İstihbarat elamanları Okan Şimşek ile Veysal Şahin'in ifadeleri bir bütün olarak değerlendirildiğinde Hayal'in suikastı planladığının jandarma istihbaratınca 5-6 ay önce öğrenildiği, Hayal'in Dink'in evine giderek keşif yaptığı, kroki hazırladığı, hatta suikastı gerçekleştireceği silahı bile temin ettiğinin jandarma istihbaratınca suikasttan önce öğrenildiği ancak sanıkların elde ettikleri bu bilgileri üst mercilere göndermeyerek görevlerini ihmal ettikleri sonucuna varılmıştır.'

'İstihbaratın gereğini yerine getirmediler'

Kararda, sahte görev sonuç raporu ve haber kayıt formunda imzası bulunan Gazi Günay ile Önder Araz'ın, istihbaratı alan kişiler olmadığı ve muhtemelen üstlerinin baskısıyla böyle bir belgeyi düzenlemek zorunda kaldığı vurgulanarak, şöyle denildi:

'Sanıklar elde ettikleri istihbarat bilgilerinin gereklerini yerine getirmedi. Saldırı konusunda ayrıntılı bilgi almalarına rağmen bu bilgiyi yetkili makamlara bildirmedi. Cinayeti planlayan Hayal, Trabzon'da daha önce bombalama eylemine de karıştı, dolayısıyla sanıklarca elde edilen istihbarat bilgisi ciddiye alınarak üzerinde durulması gerekirken, ciddiye alınmadı ve hiçbir çalışma yapılmayarak ağır suretle görev ihmal edildi. İhmal edilen görevin sonucunda ağır bir netice meydana geldi.'

Ödül gibi cezalar

Gerekçeli kararda bu nedenlerle, Dink'in öldürülmesi olayında 'görevi ihmal' suçunu işledikleri kanaatine varılan Albay Ali Öz ile Kıdemli Yüzbaşı Metin Yıldız'a 6 ay, astsubaylar Hüseyin Yılmaz, Okan Şimşek ve uzman çavuşlar Hacı Ömer Ünalır ile Veysal Şahin'in 4'er ayhapis cezasına çarptırılmasına, Astsubay Gazi Günay ile Uzman Çavuş Önder Araz'ın ise delil yetersizliğinden beraatına karar verildiği kaydedildi.
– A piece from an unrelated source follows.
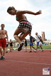 A member of a volleyball team showing her footbag skills. Photo by Tms Tyrpekl.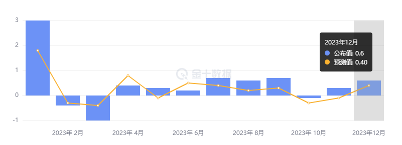 美国人口普查局公布最新“恐怖数据”,美国 12 月份零售销售额环比增长 0.6%,是前值 0.3% 的两倍,超出市场预期的 0.4%,创三个月最大增幅。

Dink cinayetine ilişkin ana davaya bakan İstanbul 14. Ağır Ceza Mahkemesi, Yasin Hayal'i, 'Hrant Dink'i tasarlayarak öldürmeye azmettirme suçundan' ağırlaştırılmış müebbet hapse, 'Yazar Orhan Pamuk'u tehdit etmek' ve 'Ruhsatsız silah bulundurmak' suçundan da 1 yıl 3ay hapse çarptırmıştı.

Dink ailesi avukatları ise dava sürecince jandarmalar tarafından işlenen suçun görevi ihmal değil TCK 83. göre 'ihmali davranışla kasten öldürme' suçu olduğunu belirtmişlerdi.